Shorter Labour

Tony Crisp









For the first time in my life I recently helped to deliver a baby. There were several remarkable features about the birth.

1) We used an extraordinarily simple new approach to birthing.

2) This approach claims to radically reduce the length of labour -- and it did.

3) The pregnant woman's previous length of labour had been forty five hours. This labour was three hours.

4) The birth was achieved without any professional help.

I am going to outline the approach we used, but will give a little more background first.

I will call the woman Jane. It was Jane's third pregnancy. The first child, a boy, was a Caesarean birth. Jane says this was because of the paediatricians mismanagement of her situation, and because of racial difficulties at the hospital.

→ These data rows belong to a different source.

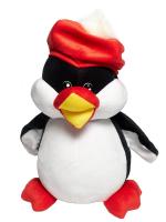 Мягкая игрушка пингвин в красной шапке.
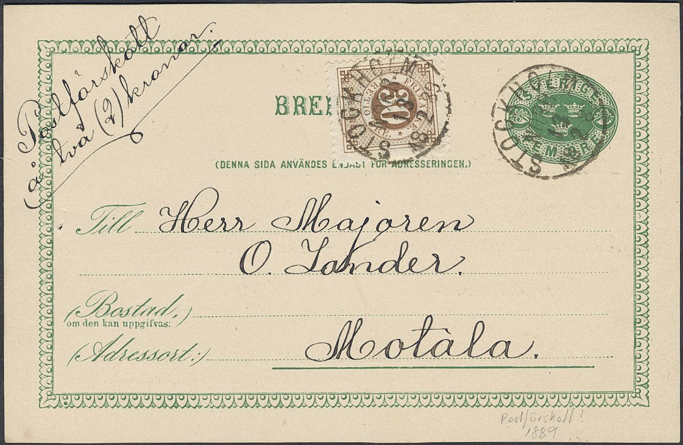 Sweden. Postal stationery, Single postcard, Facit bKe7, 47, Postcard 5 öre additionally franked with 30 öre, sent with cash on delivery from STOCKHOLM NORR 13.2.1888 to Motala. C.O.D. postcards were prepaid as letters before 1/8 1892. Scarce.
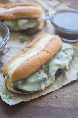 - Hornee en el horno a fuego alto hasta que el queso se derrita y el pan esté dorado. Sirva con el au jus reservado.
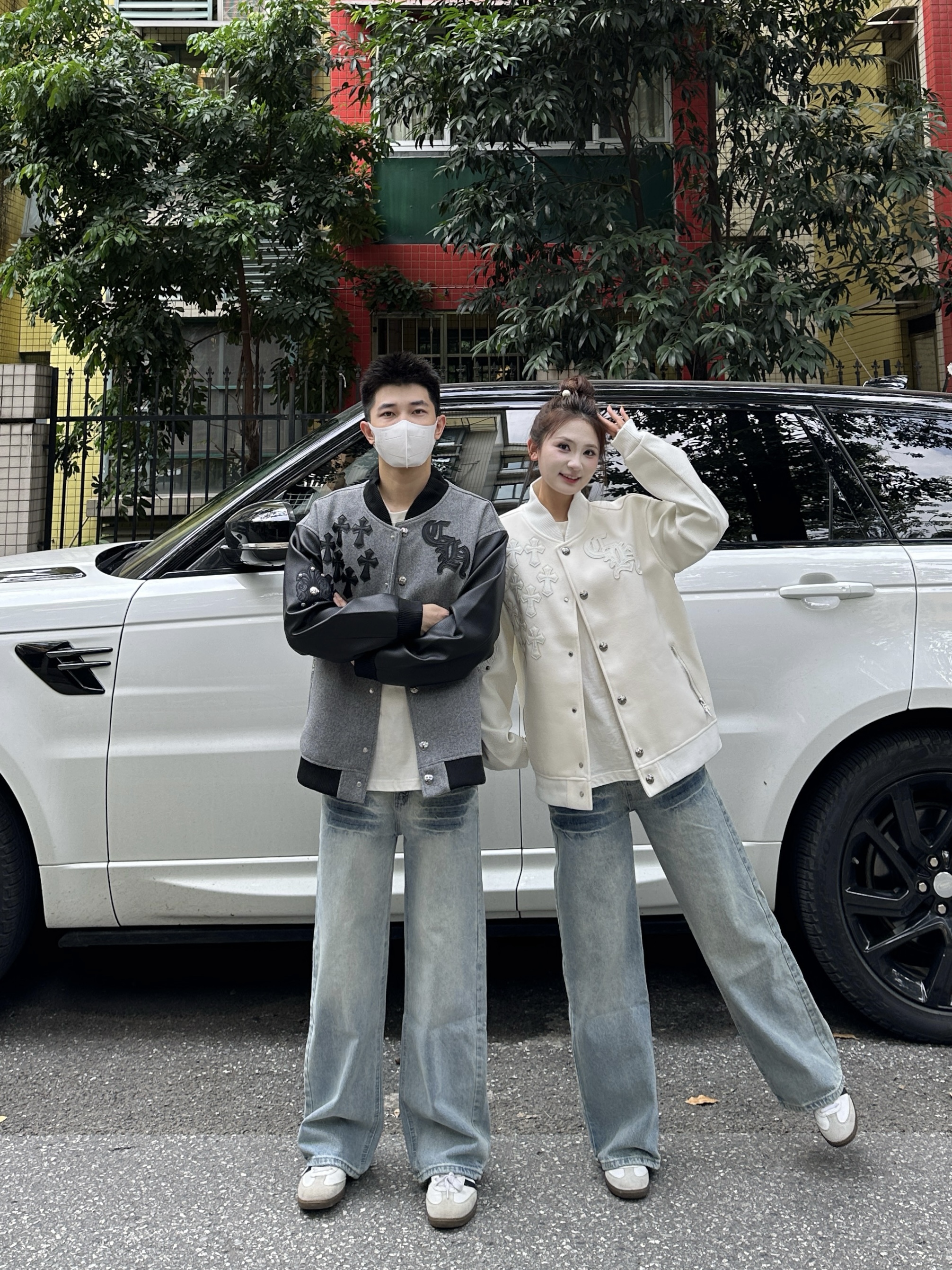3KU夫妇秋季新款刺绣十字架拼皮棒球服外套夹克男女情侣潮流上衣
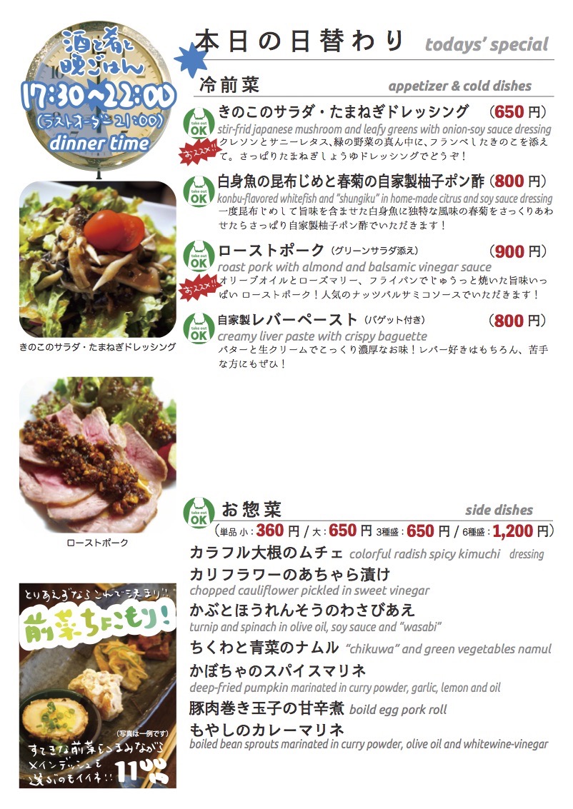 今夜もおいしいごはんは日替わりに、もちろんお持ち帰りも!
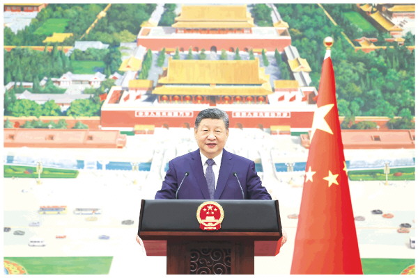 习近平指出,今天的世界,百年变局加速演进,国际形势变乱交织,全球性挑战更加突出。分裂对抗、零和博弈注定没有出路,让世界重回丛林法则不得人心,同球共济、团结合作才是唯一正确选择。我提出全球治理倡议,旨在推动构建更加公正合理的全球治理体系。中国将始终站在历史正确一边,以人民之心为心、以天下之利为利,同各国一道推动构建人类命运共同体。
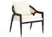 Infusing an airy coastal look with a hint of sophistication, this lounge chair boasts a stunning design that is ideal for any space. Stocked in gold sky fabric with a matte black solid birch wood frame. Completed with a rattan backrest and gold metal foot caps. Also available in linoso ivory performance fabric. Handle With Care: This design has been crafted with rattan. This artisan-crafted material features intricate weaving that results in natural variations where no two pieces are alike. Colour and texture differences are to be expected and embraced with this natural material. Due to the weaving process used, the fibres in this material may display shorter or longer lengths where the weaving ends. Visit our Product Care page for more information on how to ensure the lasting beauty of this piece.
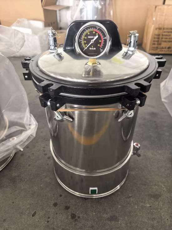 The product utilizes saturated steam to rapidly and efficiently sterilize articles. It can be used in hospitals, public health centers, health stations,clinics in factories and mines, scientific research institutes, etc, to sterilize medical equipment, surgical dressings, glass utensils, solutions,substrata. It can also be used as cooker in plateau areas and be used to make high quality drinking water in industrial and mining enterprises.
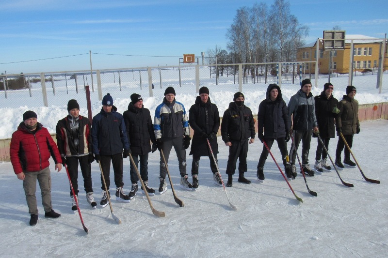 В канун Дня защитников Отечества впервые на хоккейной коробке Крейванцевского учебно-педагогического комплекса состоялась товарищеская встреча по хоккею с шайбой. Команды оказались сборные.
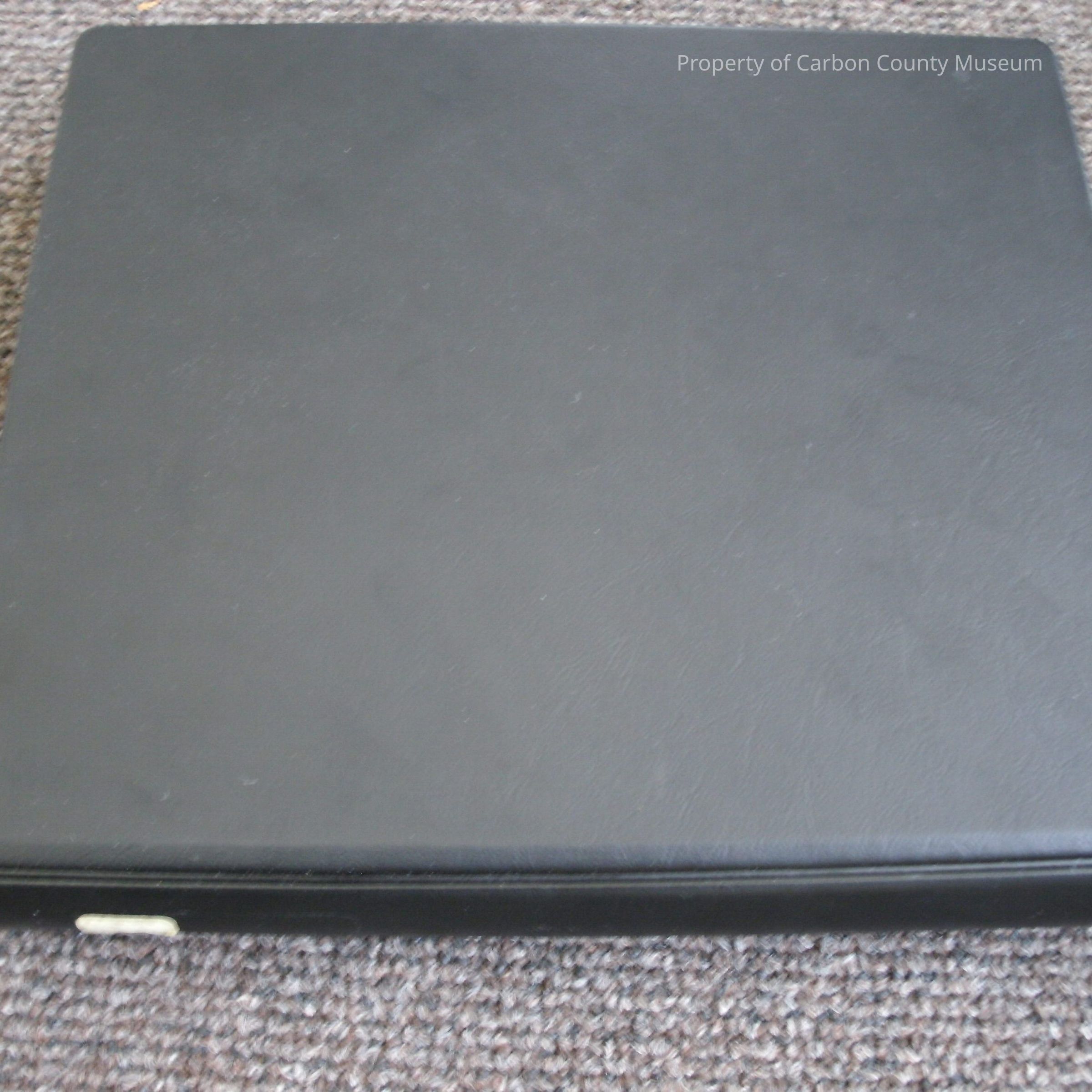A black hard cover three ring binder used as a photograph album. Book has a small beige? sticker at upper spine with the number 8 written on it in black ink. Inside front cover has small white sticker 1 3/4" x 1 1/4" marked K3 in black ink. Measures 11 3/8" x 10 1/4". Book contains clippings from various newspapers, photographs, pamphlets. Clippings discuss early day Carbon County history, although taken from papers in 1920's and 1960's. Subjects: Timber Industry; photo of Saratoga Bridge, 1965; photos of old Saratoga Bridge, ca. 1900's; Medicine Bow Lodge, 1954; Hotel Wolf 1965 and other businesses; Hobo Park; Lake Marie, 1965; interior Rawlins National Bank; , 1954, four views; Photo of Dr. John Osborne when a young man; Harry Kuykendall and John Osborne in early day electric car; newspaper photo of Medicine Bow in 1919, and Baggs Town Hall.
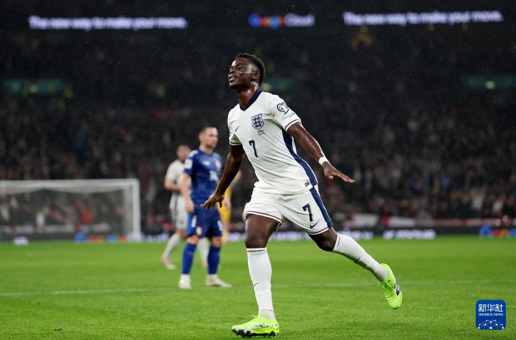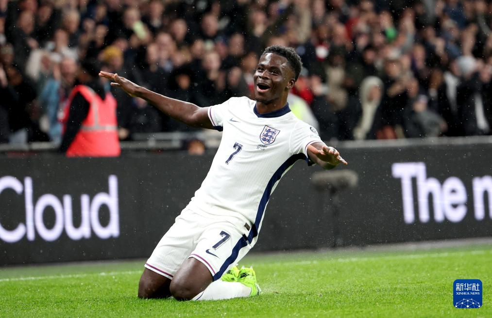 11月13日,英格蘭隊球員薩卡在比賽中慶祝進球。
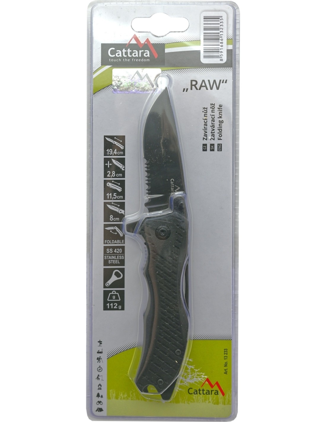 Cattara oferuje również inne artykuły biwakowe, takie jak: składane kelnerki, kuchenki biwakowe, sztućce i naczynia, noże składane i wielofunkcyjne.
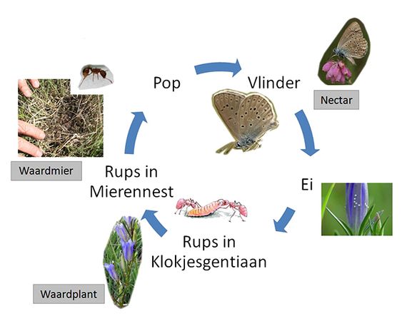 Na het verlaten van de gentianenknop laat de rups zich op de grond vallen. Onder gunstige omstandigheden wordt de rups nu door een knoopmier van het genus Myrmica geadopteerd. In Nederland en Vlaanderen betreft dit hoofdzakelijk de bossteekmier (M. ruginodis), maar de ruwknoopmier (M. scabrinodis) en de rode steekmier (M. rubra) zijn alternatieve waardmieren. Afhankelijk van de omstandigheden verblijven de rupsen tot de volgende zomer of een jaar langer in het mierennest. Uit een enkel mierennest kunnen tot wel twintig vlinders te voorschijn komen, maar meestal is het er een handvol. De vlinders moeten zien zo snel mogelijk het nest te verlaten omdat ze vanaf het moment van uitkomen als indringers worden gezien en daarom heftig worden aangevallen.
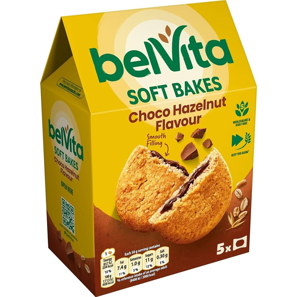 Belvita Soft Bakes snackkoekjes zijn zachte volkorenkoekjes met extra heerlijke aardbeivulling. Toegevoegde vitaminen en mineralen. Als ontbijt, als tussendoortje of als traktatie! De verpakking bevat 5 individueel verpakte koekjes.
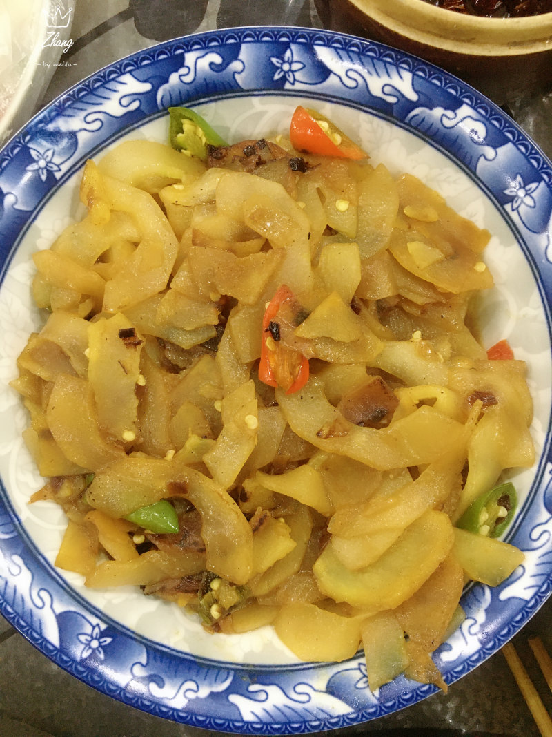 1:老黄瓜打皮,把瓤挖出,切成片
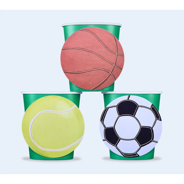 There are 8 green paper cups and 8 paper tennis ball figures in the package.

Jane was told afterwards that the midwives, because of the racial situation, gave her a bad time and pushed her into having an unnecessary Caesarean. The Caesarean birth left Jane feeling an enormous lack of confidence in her ability to naturally deliver her baby. It did not completely deter her from trying again though. So fairly quickly she was pregnant with her second child.

This birth was with a midwife. Jane felt the midwife totally took charge of the situation, not allowing her to make choices about the birth position and the handling of the baby.

This was the birth that took 45 hours. At the end of that time Jane had no strength left to help with the birth, and felt no real contractions. So, much work needed to be done to help Jane build enough confidence to face a natural birth. She did this by working hard at understanding just what had been the underlying problems bringing about two difficult births. She also explored her feelings of diminished confidence as a person and a woman. She had searched the Internet and seen mention of Janie McCoy King's book Back Labor No More: What Every Woman Should Know Before Labor. She asked me to get the book for her, which I did from the US.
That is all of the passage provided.